# True Detective !



## Jade Warrior (Jan 18, 2014)

If you not seen this youre missing out, outstanding series scored 9.4 and should be a 10, Dark and Haunting, 
Great soundtrack..

Matthew McConaughey ... Detective Rust Cohle
Woody Harrelson ... Detective Marty Hart

http://www.imdb.com/title/tt2356777/?ref_=fn_al_tt_1

Readily avail on Torr...

Theme


----------



## SBM (Jul 4, 2013)

Not seen it but going to give it a go. Cheers


----------



## N3llyboy (May 15, 2014)

Saw the first season. Dark it is. Liked it.


----------



## Ravinder (Jul 24, 2009)

http://www.detailingworld.co.uk/forum/showthread.php?t=331189&highlight=True+detective


----------



## Rainbow (Oct 30, 2013)

Outstanding series. Season 2 is coming next year.

I would recommend "Hannibal" too. It is a good one too.


----------



## Jade Warrior (Jan 18, 2014)

Add it too the top ser ever made list, hope ser 2 is as good...if same actors...

Another hard hitting gang ser Romanzo Criminale, subbed tho..worth a look..

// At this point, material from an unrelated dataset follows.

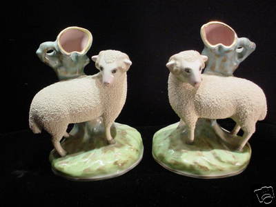 Antique Pair Staffordshire Sheep Figurine As Is

Ray Donovan ser 2, describe him as a fixer, lots of plots...
see ser 1 tho..
Classy !

The Strains, wicked sci fi...ser 1... Chilling

goto torrentroom for any you want..need help pm me..


----------



## 182_Blue (Oct 25, 2005)

I got to about episode 5 and gave up, i found it very slow, perhaps it got better but i lost interest.


----------



## Jade Warrior (Jan 18, 2014)

Shaun, maybe the genre doesnt ring your bell, but Matthew McConaughey character alone is exceptional, but if you seen up to ep 4, then i cant help you, The IMDB says it all, its deep and dark..a 10 all day long, try again..mebe ?

few others if not..


----------



## james_death (Aug 9, 2010)

Loved this series watched last month Back to Back great stuff i also loved the extras the fact they really went at it for the fight outside the police station and McConaughey had hidden speakers and had the sound guys play rocky theme to get Woody pumped and really did make contact...:lol:

Always impressed with McConaughey interpretations and does some fantastic characters in movies and series and he owned this show but Harrelson had some really good performances also.

Just watched series 1 of the BBC series in the Flesh and half way through series two and the scripting is really deep in that and is a great twist on the Zombie theme really enjoying that.


----------



## zoomzoom80 (Aug 6, 2014)

Excellent show. Hope they both come back for Season 2. McConaughey has hinted he's open to it.


----------



## LeadFarmer (Feb 23, 2011)

I thought it had already been announced that series 2 would be completely different actors?


----------